# Raw data

....

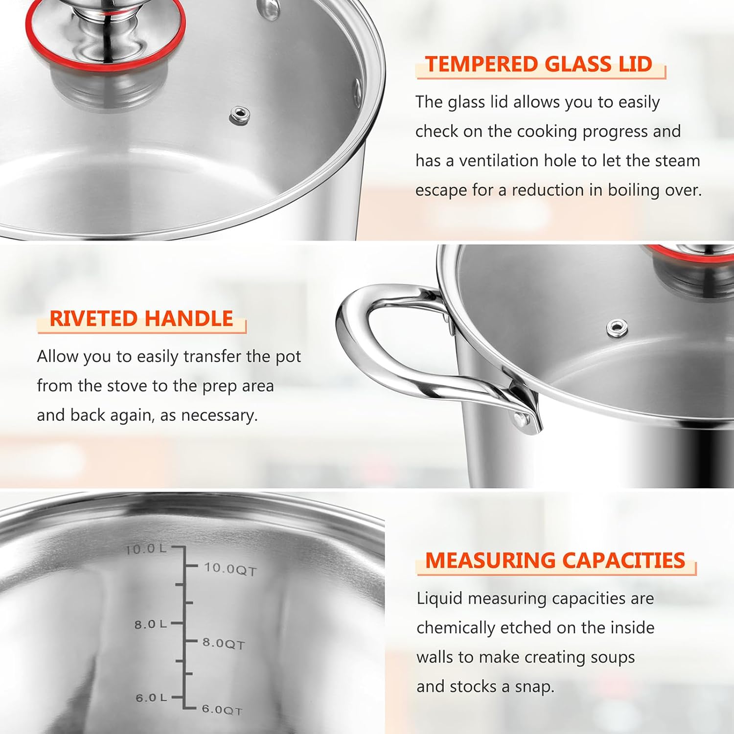 - TEMPERED GLASS LID - Tight-fitting tempered glass lid locks moisture and flavors in your food, Safer than normal glass and allow you easily check on the cooking progress, Ventilation hole lets steam escape for a reduction in boiling over to prevent spillage, Round metal knob fastened with rivets for comfortable and safe grip
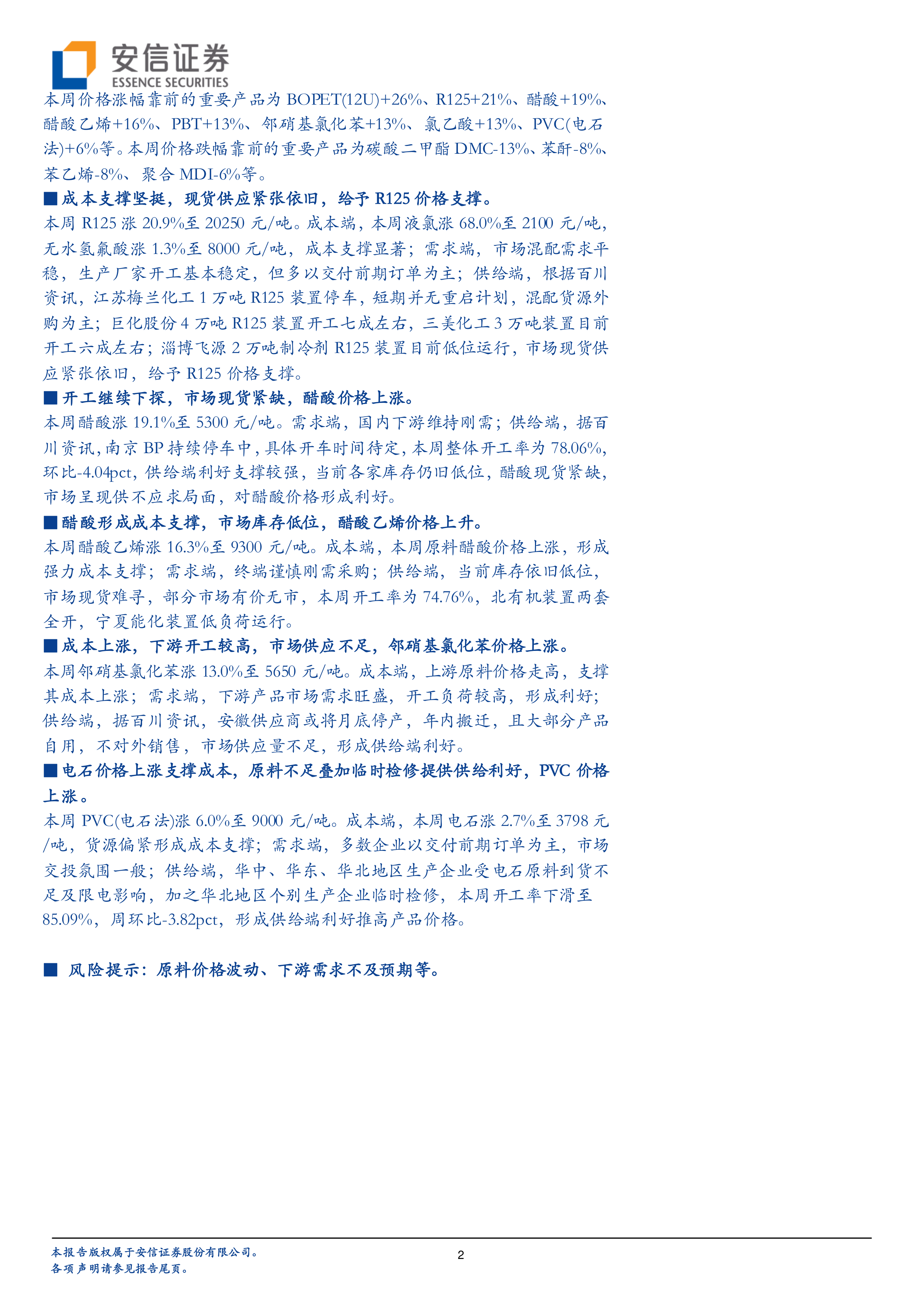 报告对R125、醋酸、醋酸乙烯、邻硝基氯化苯和PVC等几种主要化工产品价格上涨的原因进行了深入分析,从成本端、需求端和供给端三个方面进行了详细阐述,并结合具体企业生产情况和市场供需状况,解释了价格波动的内在逻辑。
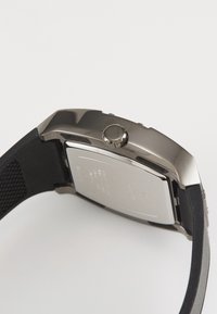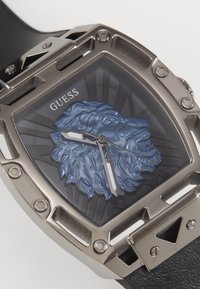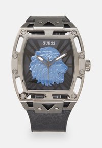 Montre carrée en argent avec bracelet noir, motif tête de lion bleu sur cadran noir, aiguilles argentées, et logo "GUESS" en haut au centre.
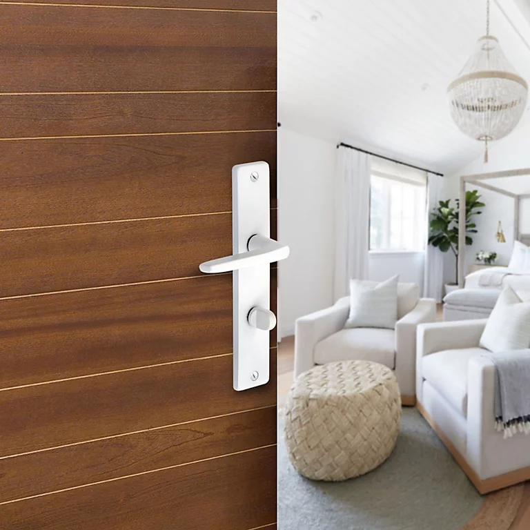 Ensemble poignée sur plaque rectangulaire à condamnation Colan satin blanc L.106mm x l.39.8mm entraxe 195mm

....

# Problem details
Output each of the lines above exactly, apart from the images.

# Solution for this problem
 - TEMPERED GLASS LID - Tight-fitting tempered glass lid locks moisture and flavors in your food, Safer than normal glass and allow you easily check on the cooking progress, Ventilation hole lets steam escape for a reduction in boiling over to prevent spillage, Round metal knob fastened with rivets for comfortable and safe grip
 报告对R125、醋酸、醋酸乙烯、邻硝基氯化苯和PVC等几种主要化工产品价格上涨的原因进行了深入分析,从成本端、需求端和供给端三个方面进行了详细阐述,并结合具体企业生产情况和市场供需状况,解释了价格波动的内在逻辑。
 Montre carrée en argent avec bracelet noir, motif tête de lion bleu sur cadran noir, aiguilles argentées, et logo "GUESS" en haut au centre.
 Ensemble poignée sur plaque rectangulaire à condamnation Colan satin blanc L.106mm x l.39.8mm entraxe 195mm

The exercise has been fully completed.